Carl Junction City Administrator Steve Lawver said residents are seeing road construction because of a $2.3 million city project to improve water lines and a large project by Spire to replace old natural gas lines.
"We're replacing some smaller like four-inch water mains and going to eight-inch mains," Lawver said. "That's going on over in Oscie Ora Acres and then over here in the downtown part of town also. And then Spire is in town doing a really large gas line improvement program. They've got contractors in town doing the same thing. There are some smaller lines that they're replacing and so homes will have better water and gas capacity available to them. Right now they're kind of competing on who can tear up the roads the most."
Spire's is a private project with no input by the city, but the water project is part of a series of improvements the Carl Junction Council is working on.
Another part of the city improvements plans will be a strategic plan commissioned by Carl Junction leaders from SAP Design Architects from Springfield and Kansas City and Joplin-based Allgeier Martin and Associates.
"It will basically cover all aspects of town and we expect that report back probably the end of April or first part of May," Lawver said. "They've been working on it for about a year. We had a few projects in mind at first but we wanted to get citizen input on it, so this has been a citizen-driven process. We've had a couple of meetings where citizens could come and we had a storyboard for each park. We had some ideas that we put on there but then we asked what do they envision? What do they want to see for the parks, and they were able to give the input in that way.
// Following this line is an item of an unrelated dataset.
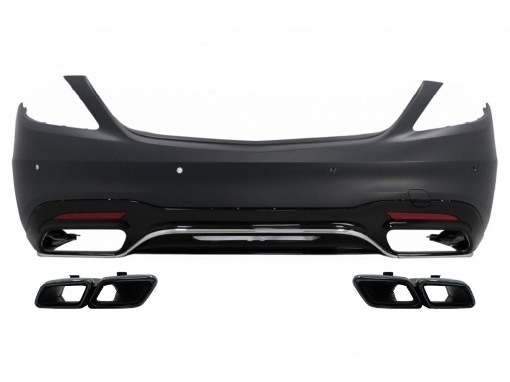 Rear Bumper with Diffuser and Exhaust Muffler Tips Black Emerald suitable for Mercedes S-Class W222 Facelift Sedan (07.2017-08.2020) S63 Design

We will incorporate what the citizens were wanting."
Lawver said the city doesn't have a budget yet on the improvements that will come from the report.
"That would be the next process after we get this strategic plan in place," he said. "We can go through and start picking the priorities and then we can develop a budget for them."
Lawver said the city pool in Center Creek Park will remain closed this summer but the new splash pad the city built in Memorial Park will be open.
"The pool and splash pad are part of the strategic plan for the parks, what we want to do with them," Lawver said. "There was talk of turning the pool into a very large pavilion and remodeling the bathrooms and making them ADA accessible and make the concession stand available, things like that. There are quite a few people who don't want the pool reopened and would like an expansion of the splash pad into some kind of aquatics park and moving all that into Memorial Park."
Lawver said the city is also looking at getting the baseball and softball fields out of Frank Dean Park, which is vulnerable to flooding when Center Creek gets out of its banks, and moving them somewhere else away from the water.
Lawver said the city is also preparing for year two of a farmers' market in the Briarbrook area and is making plans to market about 37 acres of land on Highway 171 near Gum Road for business development.